══ TASK MATERIAL
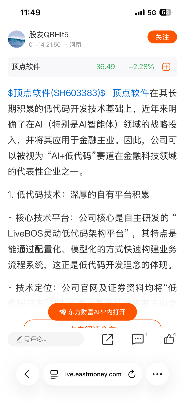 $顶点软件(SH603383)$ 1月14号,股价好不容易涨一点,股友QRHIt5这苟托就发帖唱多,每次这苟托发帖唱多,股价都往下走,创新低。各位股友下次看到这个苟托一起骂它
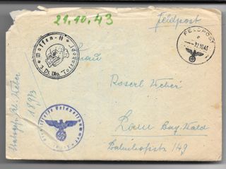 Carta - Sobre Original de la Segunda Guerra Mundial. PRECIO NO NEGOCIABLE, Carta Original WWII - SEGUNDA GUERRA MUNDIAL - WWII Segunda Guerra Mundial - Buen estado tal como se aprecia en la foto. - Sello de Feldpost. - Fecha: 22.10.43. - Destinatario: Roserl Weber, Rosen Bay. Wald, Bahnhofstr. 149. - Remitente: Habogefr. Pl. Heber, 1893. Solamente se exponen como artículos históricos coleccionables, en base a su interés para colecciones privadas filatélicas, numismáticas, militaría, o para investigación histórica..
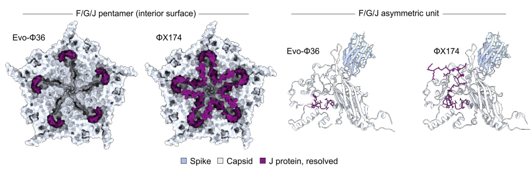一个非常有趣的发现是,合成噬菌体之一Evo-Φ36整合了,远亲噬菌体G4的DNA包装蛋白——J蛋白(25 vs 38个氨基酸)。
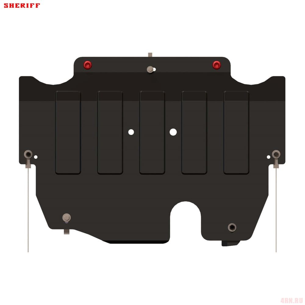 Защита картера Sheriff нужна для сохранности узлов и агрегатов, находящихся на днище авто. Она надежно защитит двигательный отсек вашей машины от повреждений. Также она защищает моторный отсек от влаги, грязи, и предусматривает наличие металлических крыльев, которые выполняют функцию пыльника.
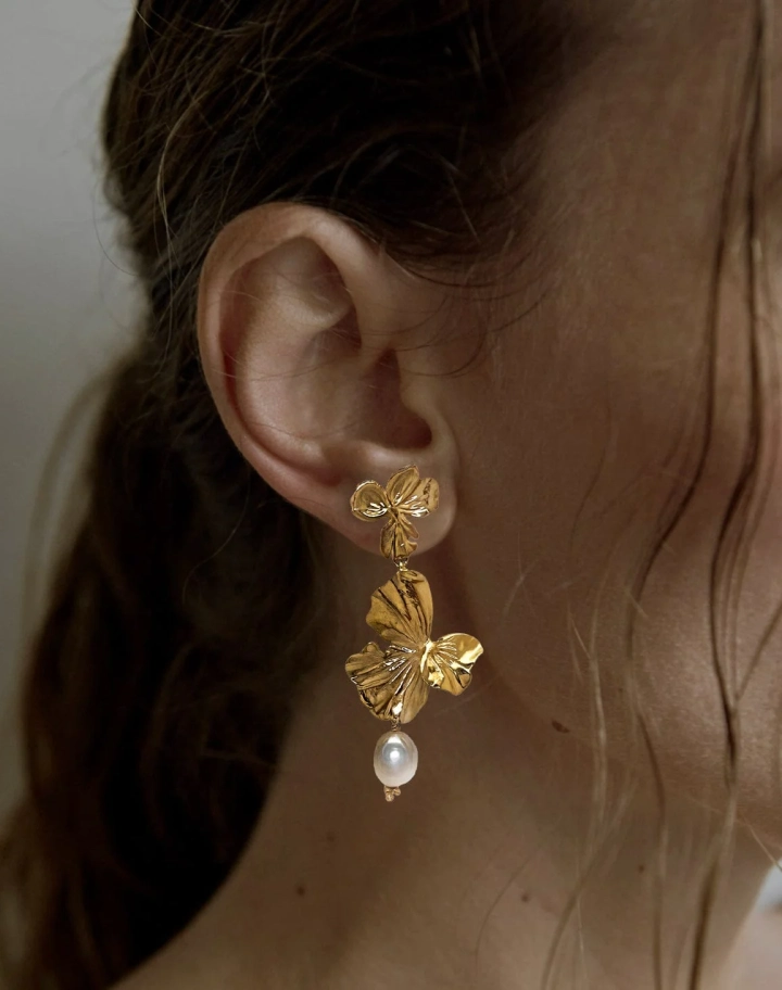 Sculptées à la main en laiton martelé, elles associent deux fleurs stylisées en un mouvement torsadé, rehaussé d’une perle naturelle en suspension.
════
The lines to return run from the line containing "Carta - Sobre" through the last line of the records. Give them exactly, omitting pictures.

**ANSWER SECTION**
 Carta - Sobre Original de la Segunda Guerra Mundial. PRECIO NO NEGOCIABLE, Carta Original WWII - SEGUNDA GUERRA MUNDIAL - WWII Segunda Guerra Mundial - Buen estado tal como se aprecia en la foto. - Sello de Feldpost. - Fecha: 22.10.43. - Destinatario: Roserl Weber, Rosen Bay. Wald, Bahnhofstr. 149. - Remitente: Habogefr. Pl. Heber, 1893. Solamente se exponen como artículos históricos coleccionables, en base a su interés para colecciones privadas filatélicas, numismáticas, militaría, o para investigación histórica..
一个非常有趣的发现是,合成噬菌体之一Evo-Φ36整合了,远亲噬菌体G4的DNA包装蛋白——J蛋白(25 vs 38个氨基酸)。
 Защита картера Sheriff нужна для сохранности узлов и агрегатов, находящихся на днище авто. Она надежно защитит двигательный отсек вашей машины от повреждений. Также она защищает моторный отсек от влаги, грязи, и предусматривает наличие металлических крыльев, которые выполняют функцию пыльника.
 Sculptées à la main en laiton martelé, elles associent deux fleurs stylisées en un mouvement torsadé, rehaussé d’une perle naturelle en suspension.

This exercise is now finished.